Y esta no es una batalla local. Se libra en el seno de la Unión Europea, desde donde se ha lanzado la normativa anti-bulos que ha expuesto en el Congreso de los Diputados Pedro Sánchez para proteger la libertad de prensa y el derecho a la información, en el  marco del plan para la regeneración de la democracia del Gobierno de España. No ha planteado nada que no esté en el reglamento de la UE, aprobado con el apoyo del PP europeo, para obligar a los medios a desvelar quiénes son sus dueños y detallar las subvenciones que reciben. Los lectores tenemos derecho a saber quién se esconde tras las líneas editoriales. 

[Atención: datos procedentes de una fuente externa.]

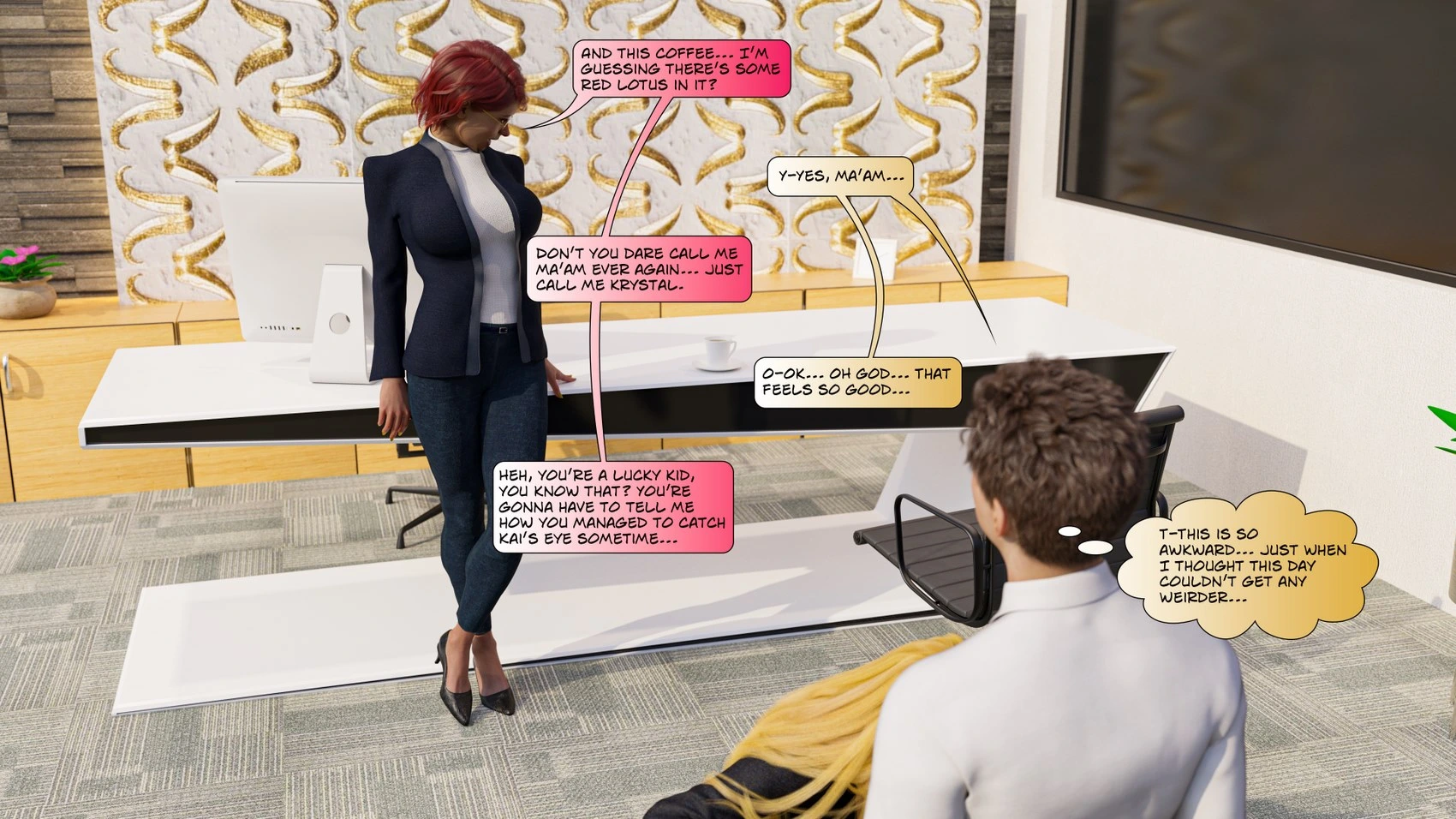 Antalore42 – Emma Corruption 30 3D Comics anal antalore42 big dick blackmail blowjob business suit corruption cunnilingus double penetration glasses Milf office prostitution tall girl tall man transformation
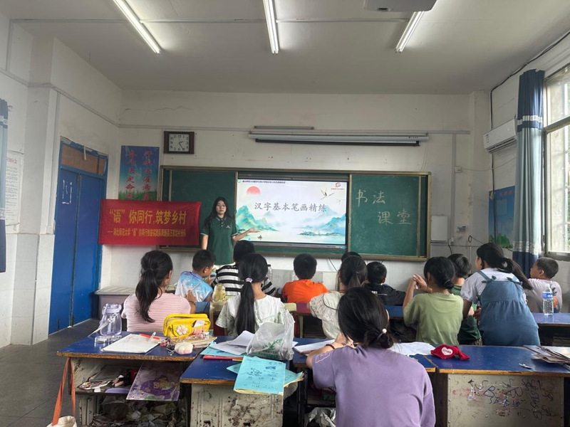为了推广普通话和规范汉字书写,夯实当地学生的基本功,进而推动乡村教育的发展,助力乡村振兴战略的实施,推普队精心筹办了“三字一话”钢笔字和粉笔字比赛活动。活动伊始,推普队员为学生们呈上了一堂墨香馥郁的书法课程;活动进行时,学生在推普队队员的带领下朗读了比赛内容中华经典诵读篇目《诗经·蒹葭》,继而进行创作。与此同时,推普队队员亦在旁悉心指导,给学生们提出合理的建议;活动最后,由师生共同评选出此次比赛的获胜学生。

Karl Popper vivió en la Europa de las guerras mundiales y los totalitarismos. Referente antimarxista, no se me ocurre nadie mejor que él para refutar a quienes deberían  colocarlo en el altar del liberalismo pero, claro, para eso deberían ser liberales y saber quién es Popper. Esa es la gran paradoja a la que se enfrenta la democracia, la de defender el derecho a no tolerar a los intolerantes y dotarse de mecanismo que impidan que la máquina de fango la siga amenazando. Esa es la gran paradoja de los carvajales. Su soberbia ignorancia. Su execrable intolerancia.